The antibiotic resistance-free mammalian expression plasmid vector pPAL for development of third generation vaccines

AuthorsAlcolea, Pedro J. ; Alonso, Ana ; Larraga, Vicente
KeywordsTriclosan
LACK/p36
Third generation vaccine
Plasmid
Selection marker
Enoyl-ACP reductase
CpG islands
Leishmaniasis
Th1 response
Issue DateJan-2019
PublisherElsevier
CitationPlasmid 101:35-42 (2019)
AbstractDNA vaccines require a vector to replicate genes and express encoding antigens. Antibiotic resistance genes are often used as selection markers, which must not be released to the environment upon final product commercialization. For this reason, generation of antibiotic resistance-free vectors is imperative. The pPAL vector contains the cytomegalovirus enhancer and promoter for expression in mammalian cells and the E. coli fabI chromosomal gene as a selectable marker. The fabI gene encodes the enoyl-ACP reductase (FabI). The bacteriostatic compound triclosan is an inhibitor of this enzyme. Therefore, the selection of positive clones depends on the enzyme:inhibitor molar ratio. According to western blot analysis, the pPAL vector is functional for expression of the Leishmania infantum (Kinetoplastid: Trypanosomatidae) gene encoding for the protein kinase C receptor analog (LACK/p36) in the HEK293T human cell line transfected with pPAL-LACK. The fabI gene sequence contains a 210 bp CpG island, suggesting a potential role as an adjuvant of the antibiotic resistance-free pPAL vector. In fact, Th1 response induction levels against canine leishmaniasis only using pPAL-LACK was shown to be as strong as in previous strategies using a recombinant vaccinia virus in combination with standard mammalian expression plasmid vectors.
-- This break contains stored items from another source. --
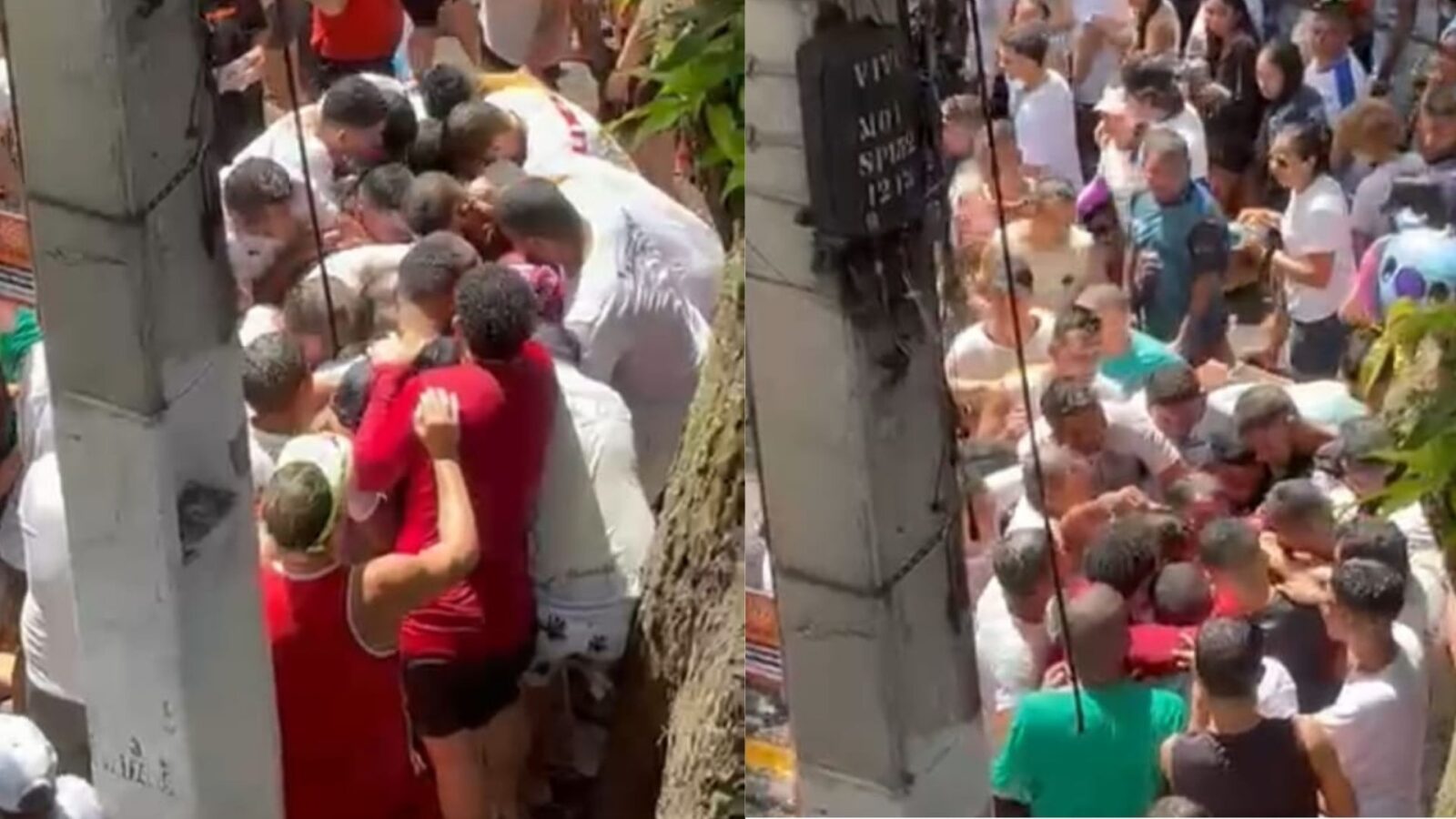 Um vídeo mostra a disputa entre os fiéis durante a procissão pelo pedaço da corda do Círio, gerando correria. Nas imagens, é possível ver fiéis tentando segurar partes da corda, enquanto outros aguardam ansiosos para tocar ou levar um fragmento como lembrança.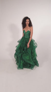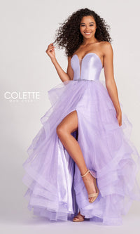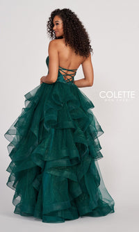 Be sensational in this glitter-tulle long layered prom ball gown. The super-sparkly strapless formal dress has a totally unique a-line skirt that is crafted in layers of glitter tulle from the beaded waist to the floor. With a sheer insert at the plunging v-neckline, this layered evening gown gets a fitted look with a back corset that laces up for a comfortable fit. From Colette for Mon Cheri, this long designer dress, style number CL2006, has a ball-gown feel for prom, weddings, and other formal events. A radiant look for your formal event, this glitter-tulle long layered prom ball gown is fresh and flirty with lots of eye-catching sparkle.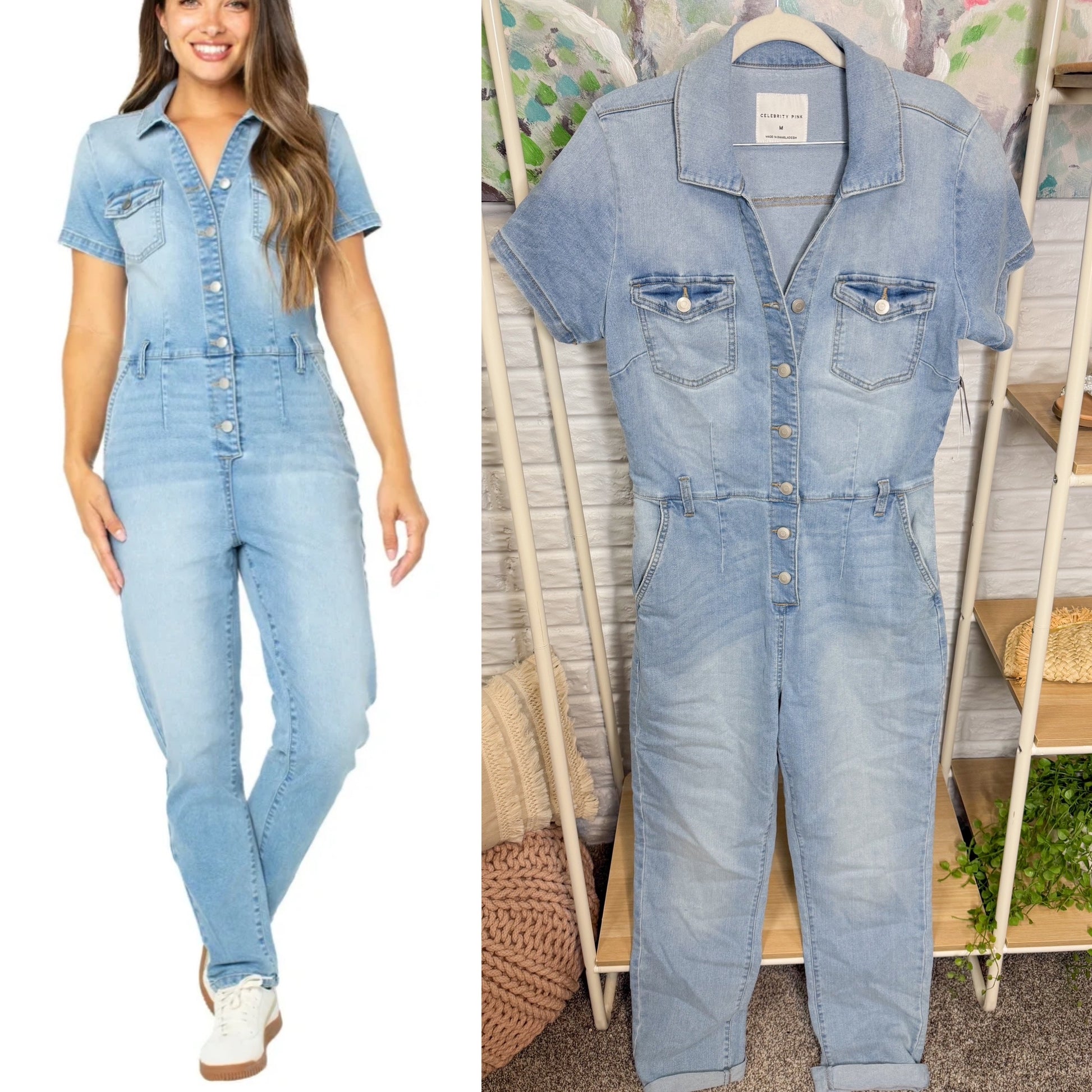 A light wash denim short sleeve jumpsuit with a slim fit leg and button front.

In summary, the pPAL plasmid contains the essential elements for manipulation and expression of any cloned DNA sequence in prokaryotic and mammalian cells using an E. coli endogenous gene as a selectable marker, which also provides a long CpG island. This element enhances Th1 immune response against L. infantum infection in dogs using the gene encoding for the LACK antigen. Therefore, this antibiotic resistance-free plasmid is a vaccine vector actively participating in protection against canine leishmaniasis and may be potentially tested as a vaccine vector with other antigens against different pathogens.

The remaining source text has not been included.